The army lieutenant general peers through his binoculars to view the opposing regiment three miles away. His 1,500 soldiers are prepared with the latest weapons and fighting vehicles. But his intelligence unit hasn’t yet been able to report on the enemy’s strength. And he has no idea when his opponents will attack. He thinks he’s ready, but who knows?

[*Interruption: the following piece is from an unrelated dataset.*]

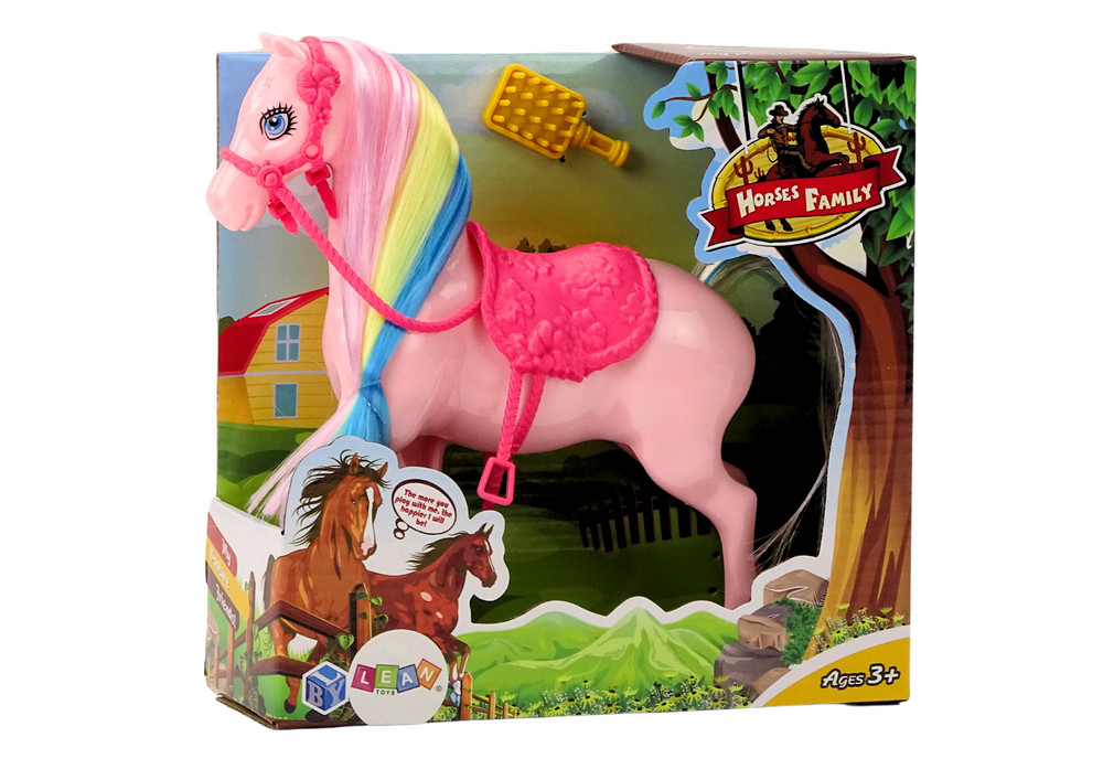 Figura ló színes sörényrel és rózsaszín kefe nyereggel

This is how many organizations often feel about their technological preparations to fight fraud perpetrators and deter them before they get anywhere near the front line.

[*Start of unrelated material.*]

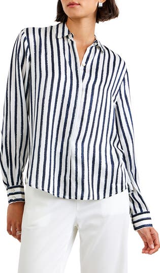 Brushstroked stripes lighten the look of an otherwise classic button-up cut from a silk-kissed fabric.

As criminals find new ways to exploit technology to commit their schemes and target new potential victims, anti-fraud professionals must ensure they’re adopting effective technologies to navigate evolving threat battlegrounds.

But which technologies are most effective in helping organizations manage their fraud risk? Which tools provide benefits that outweigh the costs? How are organizations successfully harnessing the power of technology as part of their anti-fraud programs?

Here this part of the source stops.